Reports indicate that the 47-year-old farmer sued Monsanto back in 2004 after inhaling the Lasso product while cleaning his sprayer tank equipment. Not long after, Francois began experiencing lasting symptoms that prevented him from working, which he says were directly linked to exposure to the chemical. Since Lasso’s packaging did not bear adequate warnings about the dangers of exposure, Francois alleged at the time that Monsanto was essentially negligent in providing adequate protection for its customers.
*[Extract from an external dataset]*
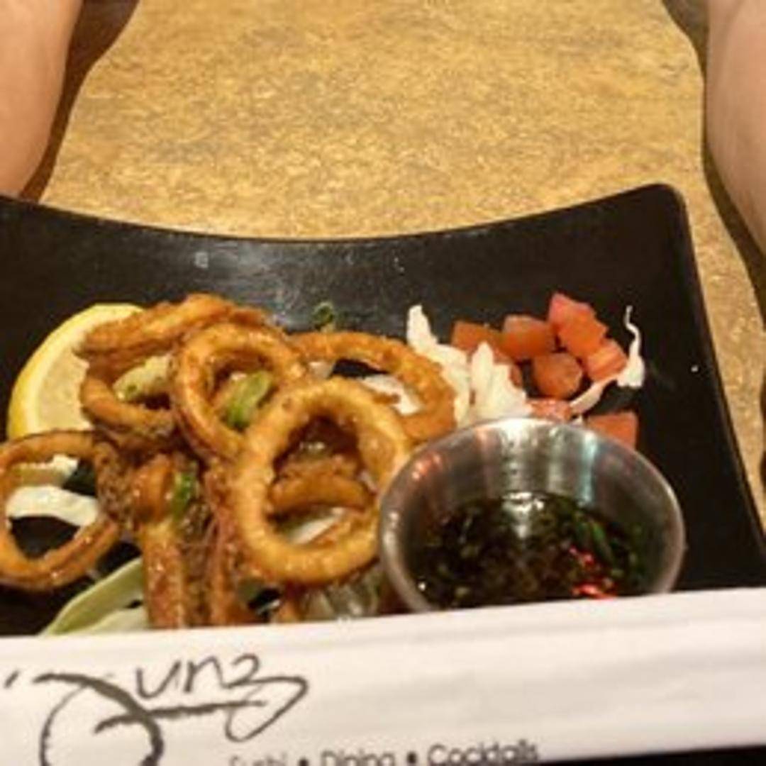 Lightly battered and fried calamari rings, served with a dipping sauce.

To the surprise of many, the French court agreed with the claims and evidence presented before it, declaring earlier this year that “Monsanto is responsible for Paul Francois’ suffering after he inhaled the Lasso product … and must entirely compensate him.” The court is said to be seeking expert opinion on how to gauge Francois’ losses in order to determine precisely how much Monsanto will be required to compensate him in the case.
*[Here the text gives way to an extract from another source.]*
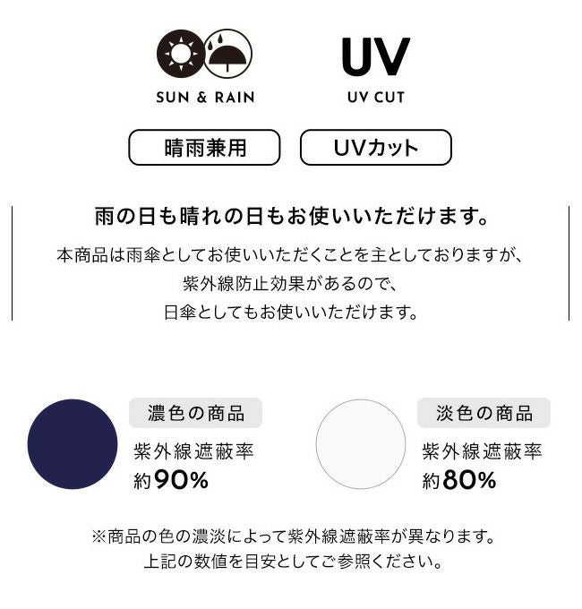 この製品は雨傘としてお使い頂くことを主としていますが、紫外線防止効果があります。

“It is a historic decision in so far as it is the first time that a (pesticide) maker is found guilty of such a poisoning,” said Francois Lafforgue, Paul Francois’ lawyer, to Reuters earlier in the year.
According to the U.S. Environmental Protection Agency (EPA), exposure to alachlor can cause damage to the liver, kidneys, spleen, and eyes, and may lead to the development of anemia and even cancer. The EPA apparently views alachlor as so dangerous, in fact, that the agency has set the maximum contaminant level goals (MCLG) for alachlor to zero in order to “prevent potential health problems.” (http://water.epa.gov/drink/contaminants/basicinformation/alachlor.cfm)
In 2007, France officially banned Lasso from use in the country in accordance with a European Union (EU) directive enacted in 2006 prohibiting the chemical from further use on crops in any member countries. But despite all the evidence proving that alachlor can disrupt hormonal balance, induce reproductive or developmental problems, and cause cancer, the chemical is still being used on conventional crops throughout the U.S. to this very day. (http://www.pesticideinfo.org/Detail_ChemReg.jsp?Rec_Id=PC35160)
“I am alive today, but part of the farming population is going to be sacrificed and is going to die because of (alachlor),” added Francois to Reuters.